Sanderson went on to read every fantasy book in his high school. “Fantasy gives us this imagination, this power, this wonder, alongside real human problems, and it mixes all these things together in a package that is fun and readable and interesting,” he explains. “It grabbed me, and that’s when I decided I was going to be a fantasy writer—and I started writing.”
Initially a biochemistry major at BYU, Sanderson served a mission in Korea, where his mission president allowed him to write stories on preparation day.
“The most inspiring facet of Brandon and his work is that he understands thoroughly and profoundly how much writing is just that: work,” says Ethan M. Sproat (BA ’02, MA ’08), a PhD candidate at Purdue who worked with Sanderson on BYU’s student-run science fiction and fantasy magazine, The Leading Edge.
Sanderson returned to BYU, changed his major to English, wrote a bunch of novels, got a host of rejection letters, applied for grad school (twice), and got rejected from just about every top writing program in the States—except BYU.
Again and again Sanderson was told that his books would never sell because they were too long or too moral. But he was determined. “At the end of the day if you told me, ‘You will never get published,’ I would have still written the books,” he says. Halfway through his master’s program, he started work on The Way of Kings, which, he says, “I planned to be bigger and full of all the nobility and awesomeness that I wanted to see in epic fantasy. It was flying in the face of what everyone had told me. I wrote the biggest, coolest, epic-est book I could.” Between working on The Wheel of Time and his other novels, Sanderson eventually finished the 1,007-pager, which debuted at no. 7 on the New York Times Best Sellers list in 2010 and begins the anticipated 10-book saga The Stormlight Archive.
Although Sanderson has emerged as a powerhouse in the genre, he always speaks of his success as a gift. “There are a lot of writers who are better than I am who are not successful,” he says. “It’s a measure of luck, perseverance, and providence.”
Perseverance in particular is a virtue he teaches to aspiring writers—both in his BYU fantasy and sci-fi writing class and in Writing Excuses, the weekly writing-advice podcast he cohosts. “Sit in a chair and write,” Sanderson says. “Ignore this thing they call writer’s block.
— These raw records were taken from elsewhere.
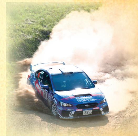
陸別町は、かつてWRC(世界ラリー選手権)ラリージャパンの 会場になるなどモータースポーツも盛ん。 (写真は2018年のラリー北海道)
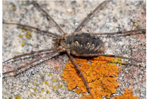
Weberknecht ( Phalangium opilio ) mit diversen Flechten
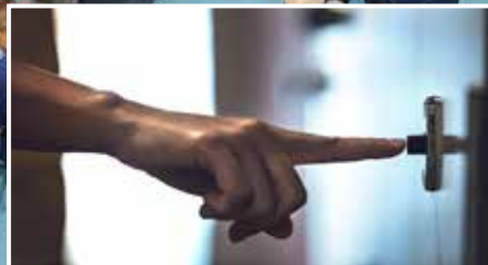
MİNBER'DEN SESLENİŞ | STIMME VON DER PREDIGTKANZEL: Misafire İkrâm ve Ziyaretleşme Gegenseitiges Besuchen ► S. 8
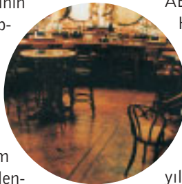
Henry's Café, London

ULTRADEC 8331 , bu markanın, tek bileşenli poliüretan ahşap zemin cilasıdır. Nem kurlanmalıdır. Polimerizasyon havadaki nem ile oluşur. Diğer nem kurlanmalı poliüretanların uygulanmasında büyük problem olan havanın sıcaklığı ve rutubetten fazla etkilenmez. Aşınmaya son derece dayanıklı olmasının yanı sıra esnektir de. Böylece ahşabın çalması, cilanın çatlamasına neden olmaz.

Doctors don’t get doctor’s block; your mechanic doesn’t get mechanic’s block. If you want to write great stories, learn to write when you don’t feel like it. You have to write it poorly before you can write it well. So just be willing to write bad stories in order to learn to become better.”
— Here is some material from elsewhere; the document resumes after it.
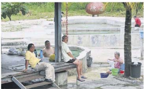
■士拉央热水湖是许多民众热爱前来泡温泉的地方，因此许多民众听闻“开放”消息后都纷纷前来。

自实施行动管制令，市议会已关闭该热水湖，直至今不曾开放，惟在上周六开始有不法之徒擅自“开放”热水湖，向到访居民徵收2至4令吉的泊车费。

One of Sanderson’s first students, new author Janci Patterson Olds (BA ’05, MA ’08), took Sanderson’s lessons of tenacity to heart. “Brandon really believes that anyone who’s willing to work hard can succeed,” she says, “which makes him a fantastic teacher and writing mentor.”
For Sanderson, creating worlds is all in a day’s work. “I love this job,” says the father of three. “You get up and do something different every day: you become a different character, you work on a different problem, you create something new. There’s nothing as supremely satisfying to me as looking at nothing . . . and at the end having something—a story, this thing that is almost alive.”